B. Hauck, G. Mainelis, T. Reponen, A. Reponen, University of Cincinnati, Cincinnati, OH
A new personal sampling inlet with low wind sensitivity and good filter collection uniformity has recently been developed and evaluated by the investigators. The inlet design includes a circular base fitted with a spherical screen with numerous evenly spaced pores, thus giving the sampler a multidirectional sampling capability. In this study the new sampler prototype (178 µm pore size, 9% porosity) has been evaluated in the field as an area sampler in houses where environmental cleanups have been conducted. Teams of cleanup workers, made up of 4-5 members, used HEPA vacuum cleaners to purge the dwellings of surface contamination. All floor areas, including under and behind all furniture, were vacuumed three times and all surfaces wiped with sanitizing solution also three times. The cleaning teams, while working in poorly maintained inner city houses, were at risk for exposure to high levels of total dust, fungal spores, and lead. To assess the exposures, five homes were evaluated involving a wide range of cleanliness levels. Samples of airborne total dust, fungal spores, and lead were collected on 0.8 µm pore size, 25 and 37 mm diameter PVC filters during cleanup. Two different sample inlets were utilized: the conventional 37-mm diameter three-piece cassette and the new multidirectional 25-mm diameter sampling inlet. Four co-located samplers of each type were tested. The samples were collected at air flow rates of 2 or 10 lpm using both stationary and battery-operated pumps. The sample filters were analyzed for total dust using gravimetric analysis and then for fungal spores and lead. The fungal spore concentration was determined using Acridine Orange Staining and Epifluorescence Microscopy, and lead level was measured by Atomic Absorption Spectroscopy. The results of this ongoing study indicate that workers are not exposed to hazardous levels of total dust, fungal spores, and lead during these 4-5 hour cleanup operations. Comparison of the new with the conventional aerosol sampling inlet demonstrates lower standard deviation of measured concentrations and better spatial distribution of particulates on the filter when using the new inlet.
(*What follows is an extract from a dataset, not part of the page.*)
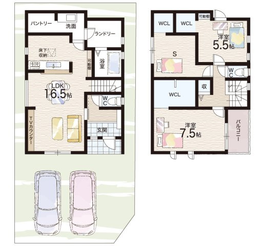 LDK 16.2帖/洋室 8.2帖/洋室 6.0帖/S

18. Quantification Evaluation of Real Time Beryllium Air Monitoring Using Laser-Induced Breakdown Spectroscopy.
N. Vahdat, Tuskegee University, Tuskegee, AL; M. Hoover, Inhalation Toxicology Research Institute, Albuquerque, NM; J. Johnson, G. Coutts, Lawrence Livermore National Laboratory, Livermore, CA
Beryllium particles in air can represent a significant inhalation health hazard. The traditional methods of monitoring beryllium particles in air involve passing a known volume of air through a filter, chemically dissolving the collected material and determining the beryllium concentration of the solution using flame atomization atomic absorption spectrometry or inductively coupled plasma analysis. The process is time consuming requiring 6 to 8 hours. In this paper we discuss the use of laser-induced breakdown spectroscopy (LIBS) for real-time beryllium air monitoring. A small transportable Beryllium Air Monitor System based on the LIBS technique was developed at the optics for focusing the output of the laser, and systems for air sampling, emission detection, and instrument control. Beryllium particles in the air sample entering the ionization chamber of the instrument are vaporized and ionized. Light emitted from the plasma is used to identify and quantify the airborne beryllium concentrations. The instrument was tested in a series of calibration experiments and data were collected for several beryllium particle size ranges and concentrations in the air. If a particle is completely vaporized by the spark, one would expect the signal received from the LIBS instrument to be proportional to the mass of the particle. There is, however, evidence that large particles are not completely vaporized, preventing use of linear relationships between mass and signal. Based on the experimental data, a theoretical model involving surface and volume of particles was developed which can be used to quantify the airborne beryllium concentrations.